Harvesting is done twice a year after a heavy rain from mature trees. Branches are chopped, and sometimes entire trees felled; this process (called coppicing) will allow new shoots to sprout from the stump for a few generations thus ensuring future crops. In Indonesia this is often a second income for local farmers.

The outer bark is peeled away to reveal the aromatic inner bark below. Sometimes the branch is beaten with a mallet to loosen bark layers first. The inner bark is processed immediately after harvesting while it is still wet and pliable. naturally curls as it dries into sticks called quills.
CONFUSIONS

A collection of cassias
Broadly speaking there are two types of cinnamon that we use in America: Ceylon cinnamon and cassia cinnamon. The most common is cassia, which itself can be divided into three different kinds depending on origin: Korintje from Indonesia (Cinnamomum burmannii), Saigon from Vietnam (Cinnamomum loureiroi), and somewhat confusingly, cassia from China (Cinnamomum cassia). These three are largely similar enough in taste and aroma that they have been roughly grouped under the name cassia.

Also known as
It's worth noting, that matters are further confused as these three cassias might go by different common name monikers; Korintje can be called Indonesian cinnamon, Saigon can be called Vietnamese cinnamon or Vietnamese cassia; and cassia can be called Chinese cinnamon.

Cinnamon truths
The other main type of cinnamon is Cinnamomum verum called Ceylon cinnamon, true cinnamon, or sometimes Mexican cinnamon. It is what is primarily sold in Europe and in Mexico (as canela) for cinnamon. It is more a more subtle and will yield a different taste if substituted. It is more expensive than the cassia types and is marked for having a very low coumarin content.

USAGE HINT

Cinnamon is a well-known addition to sweet holiday beverages, but it can also work with savory dishes. Simmering cinnamon sticks in soups or sauces adds a warm complexity to your dish. Try adding a stick to the coconut milk when preparing curry dishes.

QUICK FACT

From antiquity through the middle ages mythical stories were told and mystery was cultivated around the origins and production of cinnamon. These tales were meant to obfuscate and protect the source of the revered spice, but they also enhanced its exoticism.

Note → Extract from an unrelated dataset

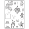 My Indoor Garden Stamp Set – 14 individual stamps comprising: a mix of 6 houseplants in different shaped pots and one in a hanging basket and 3 cactus plants. There is a square tag to stamp the 4 sentiments into, sentiments are: Home is where my plants are, Happy Birthday, Just for you and Handmade with love all in a lovely, clean handwritten font.

An Arabian cinnamon bird, Cinnamologus, is mentioned in one of Aristotle's works of natural history as a bird that built its nest from cinnamon it had gathered from far flung and unknown environs. The cinnamon nest was balanced on slender branches of tall trees, and to harvest the cinnamon sticks locals would shoot the nests from their perches with leaden-tipped arrows.